Course prepares people to come to a pet’s rescue

Published: April 2, 2006 | 3900th good news item since 2003

During last year’s vicious hurricane season, Andy Bass darted across the nation, rescuing four-legged victims from floods and debris in Texas, Louisiana and Key West.

As a trained animal rescue volunteer, the 43-year-old Pompano Beach resident helped care for hundreds of displaced dogs and cats after hurricanes Katrina, Rita and Wilma.

“The more we get hit by these storms,” Bass said, “the more we’re getting prepared.”

That’s why Bass will be training about 180 South Florida residents next month during Fort Lauderdale’s first Emergency Animal Rescue Service workshop, a daylong training session on May 13 that will teach volunteers how to rescue, shelter and care for displaced animals before the next natural disaster strikes.

“There is definitely a higher awareness of the need to prepare for disasters,” said Alexis Raymond, spokeswoman for the California-based United Animal Nations, which formed the rescue service.

Bass said the organization needs animal-loving volunteers ready to face tough situations as he and other volunteers did last year. “After watching everything that went on last year, especially in New Orleans, we all have to pull together,” he said. “You have to be ready for anything.”

Founded in 1987, the rescue service is a network of 2,500 trained volunteers, including Bass, who respond to disasters in the United States and Canada within 24 hours. The service deployed 435 volunteers last year to care for about 2,100 displaced animals after Hurricane Katrina.

The United Animal Nations recently joined forces with the American Society for the Prevention of Cruelty to Animals to train volunteers in Fort Lauderdale and 14 other cities, including New Orleans, Birmingham, Ala. and Fort Worth, Texas.

Delray Beach resident Jamie Wolf said she signed up for the Fort Lauderdale workshop after organizing her own impromptu animal rescue following Hurricane Katrina.

When Wolf saw Louisiana’s destruction, she and a friend drove to the Gulf Coast in a 30-foot truck and took home 24 displaced dogs. Bass eventually adopted one of the canines, a black-and-white Pekingese named Fooey. Wolf , 35, said she’s willing to travel anywhere on behalf of four-legged victims. “I just want to go and take care of them,” she said.

Although Fort Lauderdale’s May 13 training session is sold out, Bass is also organizing a free community event event for May 12, which will take place from 7 to 10 p.m. at Central Bark Doggy Day Care Center at 3699 N. Dixie Highway in Oakland Park. Pets are welcome.

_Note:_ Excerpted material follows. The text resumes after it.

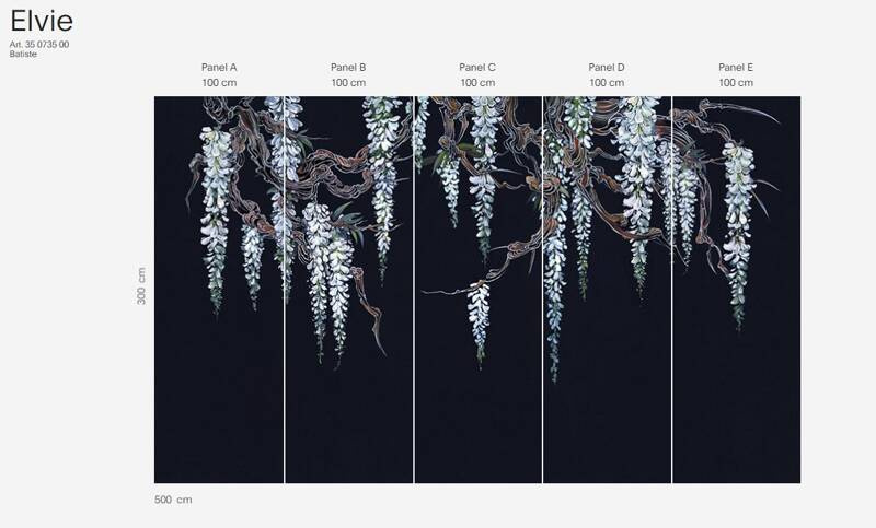 Murale marki Wonderwall sprzedajemy w rolkach o standardowych wymiarach: 100 cm x 300 cm. Jeśli wysokość waszego pomieszczenia jest mniejsza niż 3 metry, wówczas nadmiar tapety należy w odpowiednim miejscu odciąć. Na pełny wzór składa się pięć rolek: a, b, c, d i e. Można wybrać konkretne rolki dopasowując tapetę do swojego wnętrza. Lub można przygotować mural pod konkretny wymiar. W tym celu prosimy o kontakt pod mail sklep@iguane.pl

At the workshop, Bass will teach volunteers what he’s learned during his 10-year stint in the rescue service. Last year, his experiences included caring for 220 dogs at a makeshift shelter in Lufkin, Texas during Hurricane Rita.

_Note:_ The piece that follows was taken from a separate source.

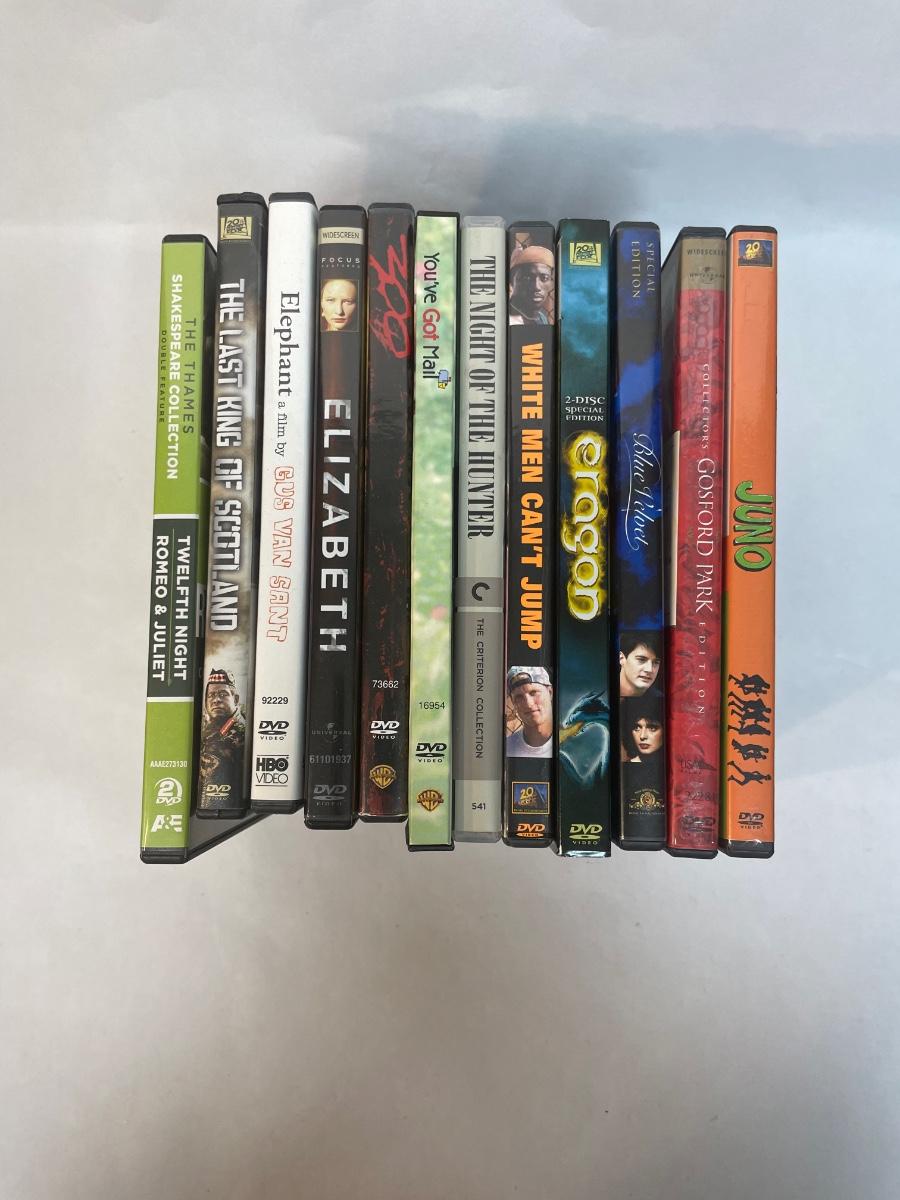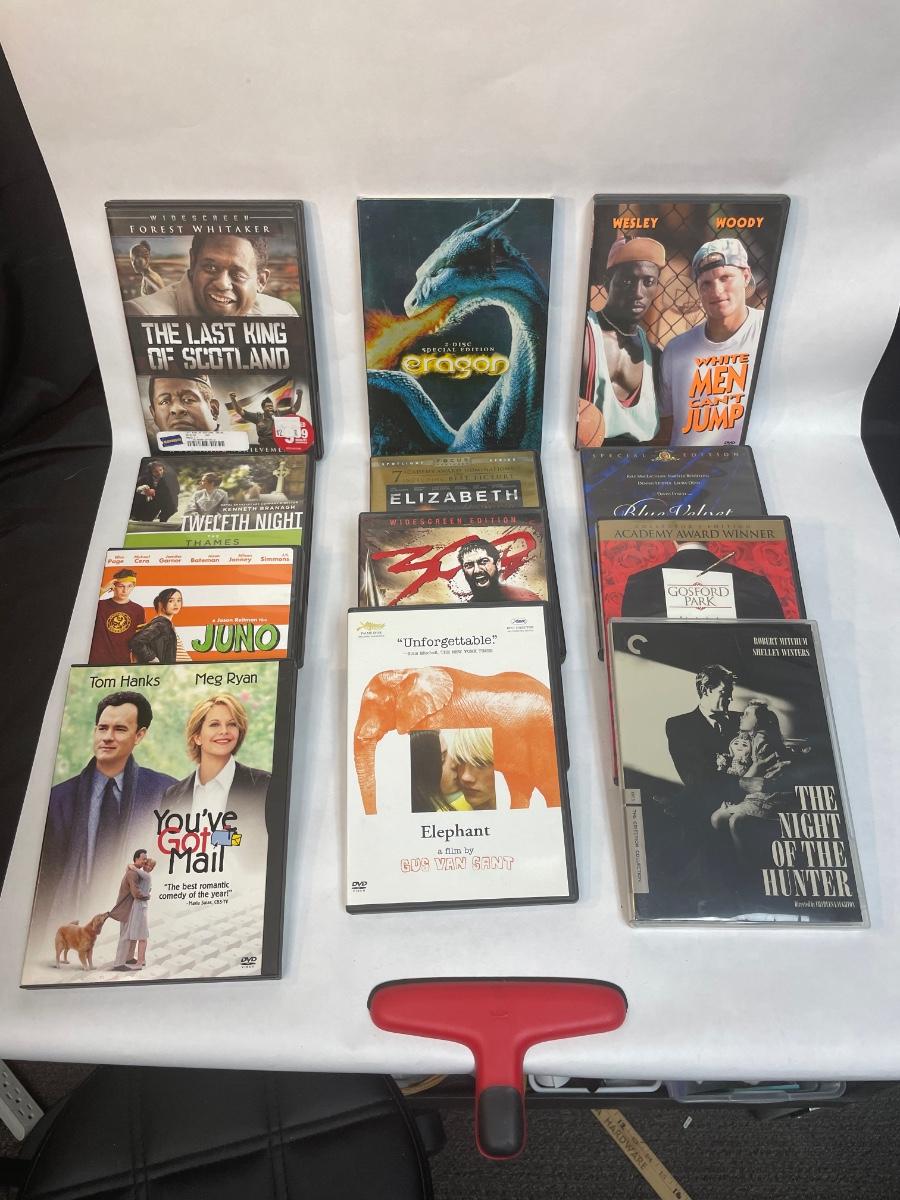 Includes 12 movies in original cases. Includes The Last King of Scotland, White Men Can't Jump, You've Got Mail, Juno, and others. See photos for other titles.

And when Wilma struck South Florida, he patrolled local animal shelters ensuring staffs had adequate help and supplies. He later traveled to Key West where he helped transport 80 frightened cats to safety when five-foot high waters flooded the shelter.

Bass is also working with local shelter officials, including the Broward Humane Society, to develop better evacuation plans for shelters and more facilities to keep animals when storms approach.

“Cities are wising up in finding more locations for people and their pets,” he said.

Bass hopes the training course will encourage more animal lovers to offer their assistance when another hurricane hits. It will teach volunteers how to operate a full-service animal shelter, including giving flea treatments, animal decontamination and bathing techniques. “We want to get our community trained,” he said.